MSA = Mail Submission Agent
MDA = Mail Delivery Agent

The above diagram shows a simple flow of messages through a DMARC-aware system. Solid lines denote the actual message flow, dotted lines involve DNS queries used to retrieve message policy related to the supported message authentication schemes, and asterisk lines indicate data exchange between message-handling modules and message authentication modules. "sMTA" is the sending MTA, and "rMTA" is the receiving MTA.

In essence, the steps are as follows:

  1. Domain Owner constructs an SPF policy and publishes it in its DNS database as per [SPF]. Domain Owner also configures its system for DKIM signing as described in [DKIM]. Finally, Domain Owner publishes via the DNS a DMARC message-handling policy.

  2. Author generates a message and hands the message to Domain Owner's designated mail submission service.

  3. Submission service passes relevant details to the DKIM signing module in order to generate a DKIM signature to be applied to the message.

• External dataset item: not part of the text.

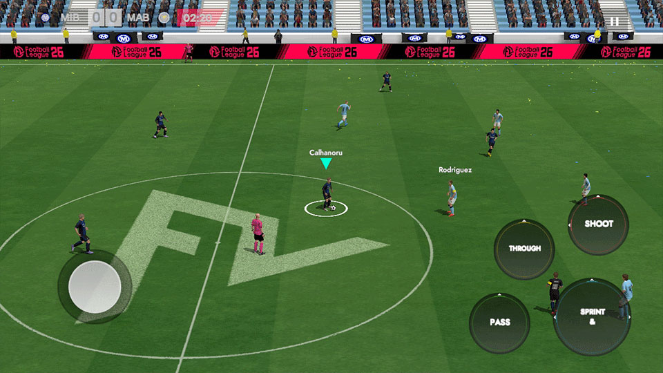 6、比赛过程中,使用左下方虚拟摇杆控制球员跑位移动,右侧行动按键支持传球、冲刺、拦截与射门等操作,结合手势指令释放高级技巧,依靠默契配合与战术执行赢得胜利。

  4. Submission service relays the now-signed message to its designated transport service for routing to its intended recipient(s).

  5. Message may pass through other relays but eventually arrives at a recipient's transport service.

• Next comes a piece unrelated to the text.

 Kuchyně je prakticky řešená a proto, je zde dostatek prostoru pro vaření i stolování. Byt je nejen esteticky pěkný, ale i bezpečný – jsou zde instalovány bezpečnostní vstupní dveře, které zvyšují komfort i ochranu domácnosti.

  6. Recipient delivery service conducts SPF and DKIM authentication checks by passing the necessary data to their respective modules, each of which requires queries to the Author Domain's DNS data (when identifiers are aligned; see below).

  7. The results of these are passed to the DMARC module along with the Author's domain. The DMARC module attempts to retrieve a policy from the DNS for that domain. If none is found, the DMARC module determines the Organizational Domain and repeats the attempt to retrieve a policy from the DNS. (This is described in further detail in Section 6.6.3.)

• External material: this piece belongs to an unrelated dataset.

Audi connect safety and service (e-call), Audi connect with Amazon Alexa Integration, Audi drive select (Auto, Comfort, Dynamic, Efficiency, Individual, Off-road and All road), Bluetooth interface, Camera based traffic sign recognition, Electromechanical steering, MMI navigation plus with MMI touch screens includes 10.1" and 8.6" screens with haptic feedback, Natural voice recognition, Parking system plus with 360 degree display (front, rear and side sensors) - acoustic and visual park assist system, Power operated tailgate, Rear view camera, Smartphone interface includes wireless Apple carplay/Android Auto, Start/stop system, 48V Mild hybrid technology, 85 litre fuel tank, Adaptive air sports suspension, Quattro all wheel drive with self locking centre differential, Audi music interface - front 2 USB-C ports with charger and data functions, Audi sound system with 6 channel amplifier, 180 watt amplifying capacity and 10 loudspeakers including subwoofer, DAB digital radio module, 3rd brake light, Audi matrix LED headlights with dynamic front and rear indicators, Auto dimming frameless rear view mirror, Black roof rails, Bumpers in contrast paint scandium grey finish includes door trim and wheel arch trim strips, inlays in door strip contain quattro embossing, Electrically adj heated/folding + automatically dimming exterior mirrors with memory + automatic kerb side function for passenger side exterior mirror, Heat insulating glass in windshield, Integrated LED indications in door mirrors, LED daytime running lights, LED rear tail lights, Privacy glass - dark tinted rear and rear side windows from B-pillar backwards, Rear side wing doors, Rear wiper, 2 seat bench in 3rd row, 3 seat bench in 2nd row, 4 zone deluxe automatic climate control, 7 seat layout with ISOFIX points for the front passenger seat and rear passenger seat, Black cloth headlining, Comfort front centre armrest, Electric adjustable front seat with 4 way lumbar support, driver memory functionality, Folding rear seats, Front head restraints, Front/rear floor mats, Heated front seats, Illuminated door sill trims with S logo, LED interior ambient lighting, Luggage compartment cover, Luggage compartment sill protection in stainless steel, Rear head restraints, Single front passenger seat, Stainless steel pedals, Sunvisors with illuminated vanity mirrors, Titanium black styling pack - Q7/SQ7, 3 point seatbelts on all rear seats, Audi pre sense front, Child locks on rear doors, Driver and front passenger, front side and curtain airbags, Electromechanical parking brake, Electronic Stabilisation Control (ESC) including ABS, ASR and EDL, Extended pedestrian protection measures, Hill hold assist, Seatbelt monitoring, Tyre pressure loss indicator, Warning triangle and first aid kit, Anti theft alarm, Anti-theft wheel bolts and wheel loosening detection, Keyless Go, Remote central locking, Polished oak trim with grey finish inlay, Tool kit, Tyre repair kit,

  8. If a policy is found, it is combined with the Author's domain and the SPF and DKIM results to produce a DMARC policy result (a "pass" or "fail") and can optionally cause one of two kinds of reports to be generated (not shown).

  9. Recipient transport service either delivers the message to the recipient inbox or takes other local policy action based on the DMARC result (not shown).

  10. When requested, Recipient transport service collects data from the message delivery session to be used in providing feedback (see Section 7).